In Nebraska, state Senators voted 38-9 yesterday on a bill banning the use of telemedicine to provide women with abortion services. The bill requires that a doctor be physically present with the patient when she takes mifepristone, also known as RU-486 or the abortion pill, to induce an abortion. The bill has already passed the Nebraska House and Governor Dave Heineman (R) is expected to sign it into law.
The bill aims to prevent Planned Parenthood of the Heartland from replicating its Iowa program, which enables mifepristone to be administered to patients while videoconferencing with their doctors in 16, in Nebraska.
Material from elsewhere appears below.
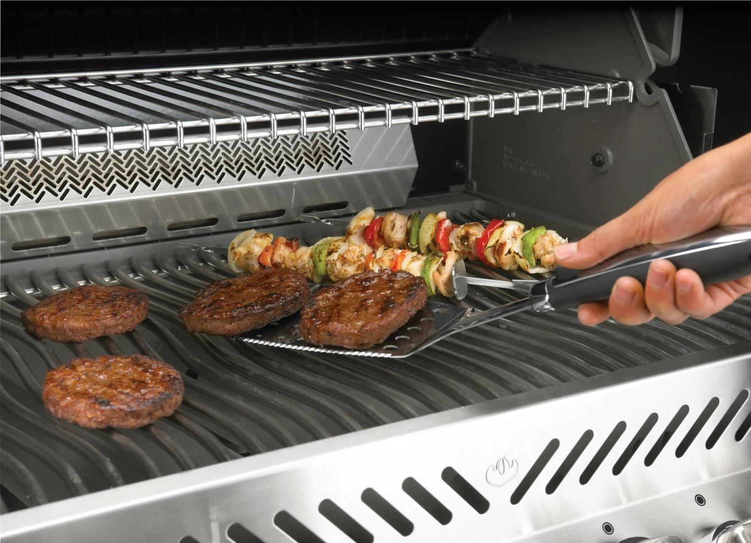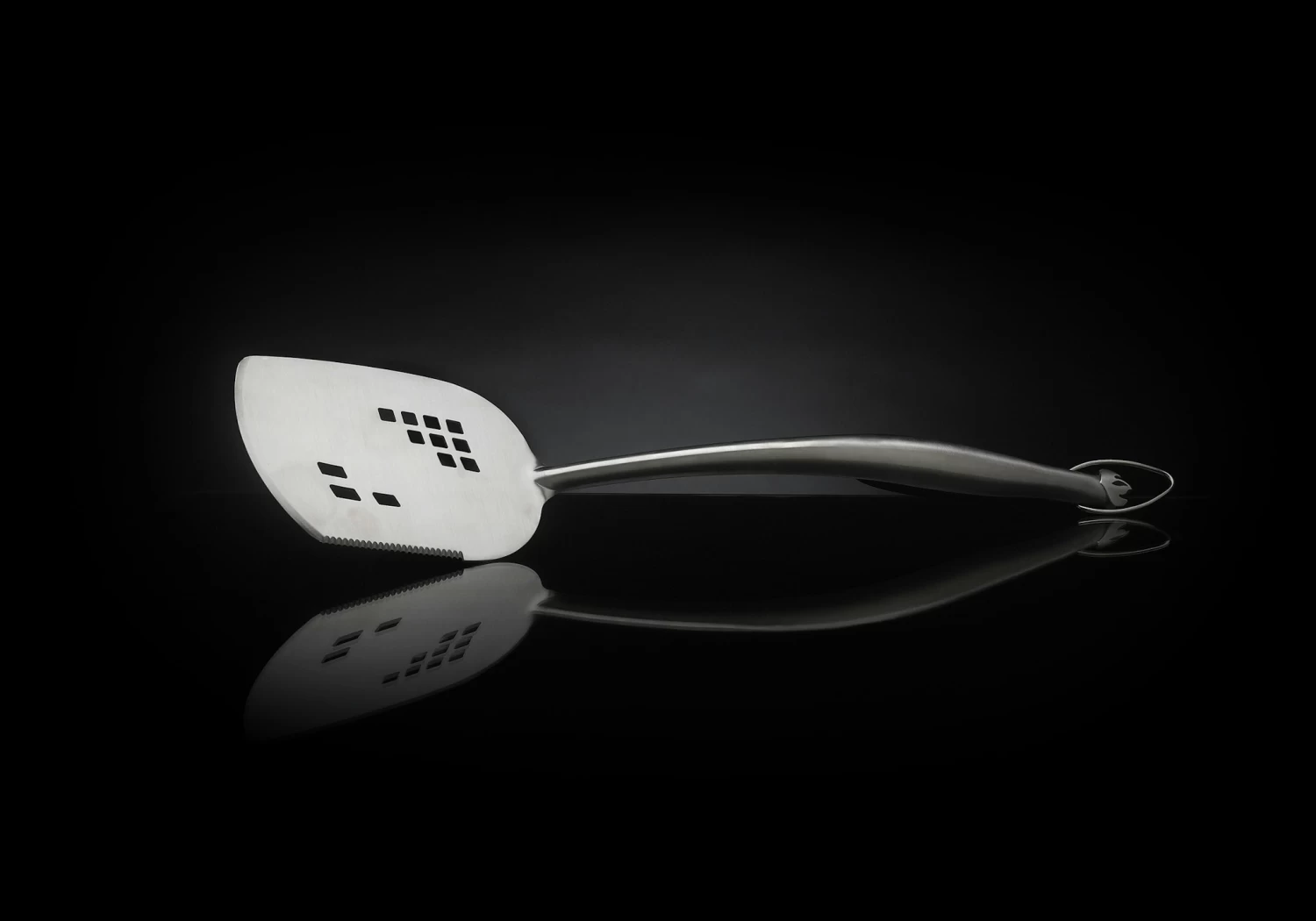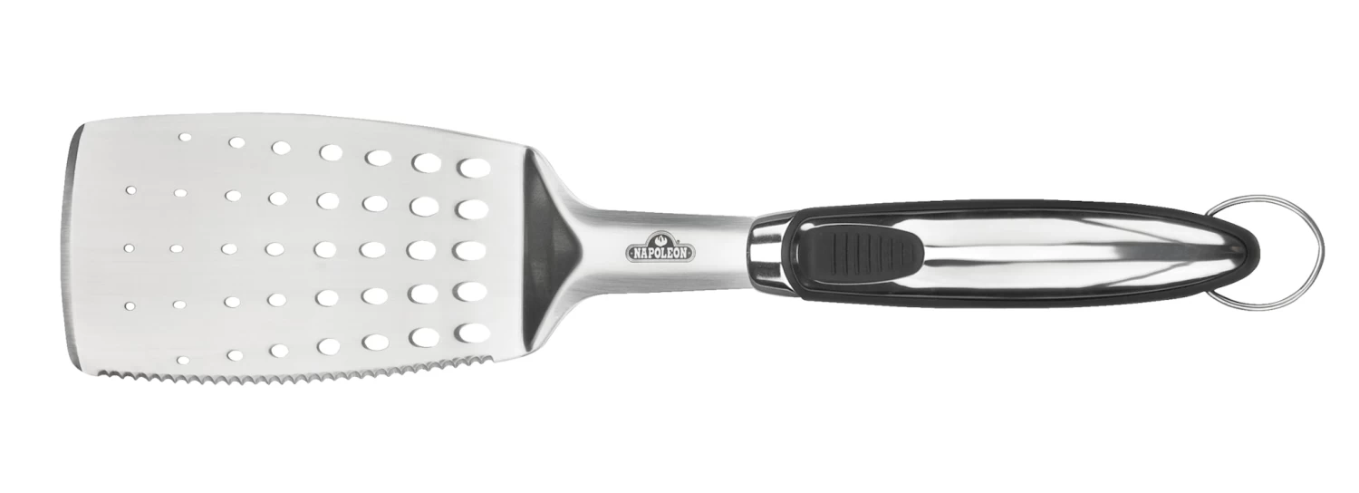 Der NAPOLEON Grillwender aus hochwertigem Edelstahl ist ein Multitalent und besitzt eine extra große Wendefläche. Es ist überhaupt kein Problem zwei Burger oder zwei Steaks gleichzeitig zu wenden. Zum Multitalent wird der Grillwender aber durch die scharfe Schneidekante vorne, sowie die Schnittfläche an der Seite. So können Sie Ihr Grillgut bereits auf dem Grill einfach portionieren. Zur einfachen Handhabung wurde der NAPOLEON Grillwender mit einem gummierten, ergonomisch geformten Griff ausgestattet.

By using telemedicine, Planned Parenthood aims to provide women living in remote and rural areas of with greater access to abortion services.
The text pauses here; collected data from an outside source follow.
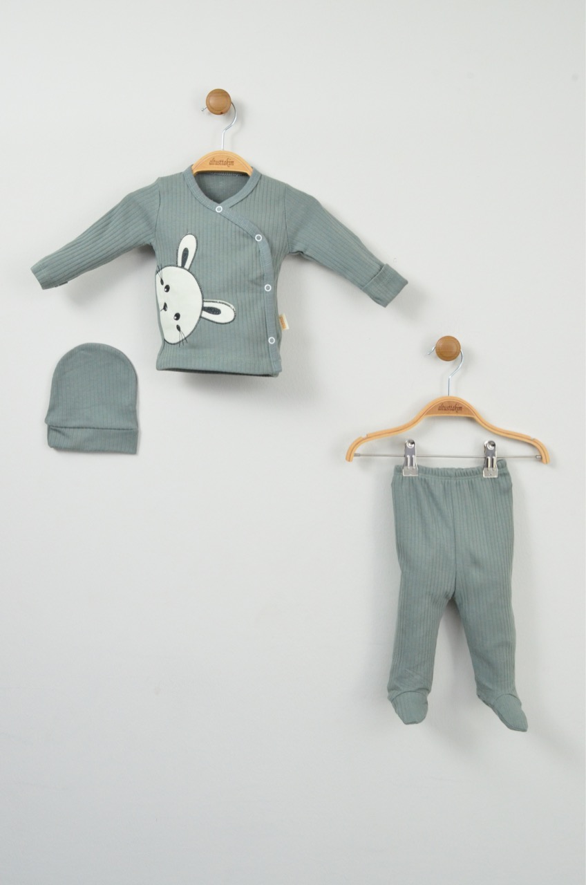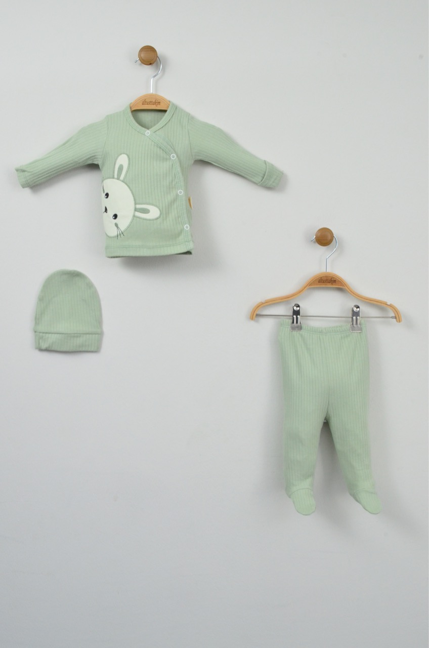 Açık Yeşil Tavşan Aplike %100 Pamuk Yenidoğan Üçlü Takım(0-3 Ay)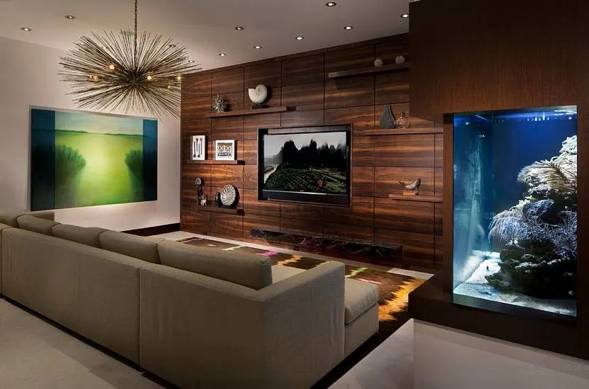 Помимо сочетаний оформления комнаты отдыха в коричнево-бежевых красках прекрасно будут смотреться и комбинации со светлыми голубыми и изумрудными тонами.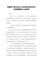 街道党工委书记在六月份垃圾分类示范片区创建推进会上的讲话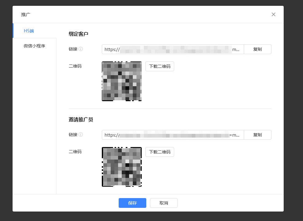 2、管理端新增推广员专属推广链接(商家为员工/推广员下载打印推广码,作为线下推广物料)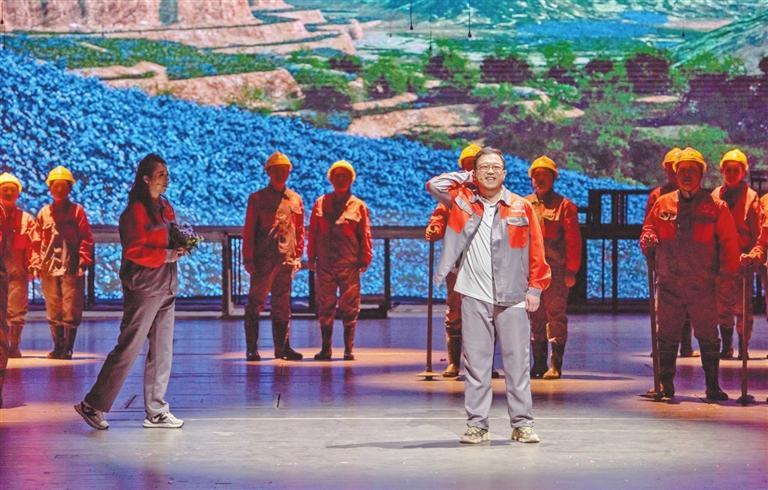 演出結束后,《不遙遠的胡麻嶺》主創人員以及劇中兩位人物原型、胡麻嶺隧道建設者李紹杰、夏荔被請上舞臺。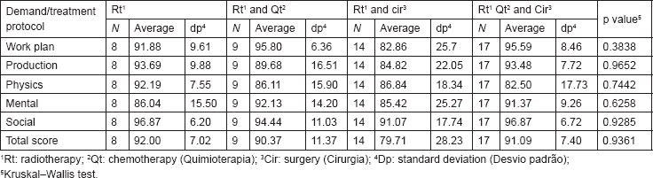 There was an observation of higher average work functioning indexes for social demand, with 94.33 (11.47). In turn, the worst indexes were registered in physical demand. No significant differences were observed between groups of treatment protocols in terms of WRFQ-Br scores.

Under current Iowa law, in order for a woman to receive mifepristone via videoconference, she must first go to her local Planned Parenthood and undergo the required physical exam, blood test, medical history report, ultrasound, and counseling session, all administered in-person by a nurse. Women must also watch an eight-minute video describing the procedure and all possible side effects. If the woman decides to continue with the process, the doctor then clicks a button on his computer that releases a drawer containing the medicine in front of the patient. Still in the company of the clinic nurse, the patient then takes the mifepristone with her doctor watching and receives the follow-up drug, misoprostol, to take later.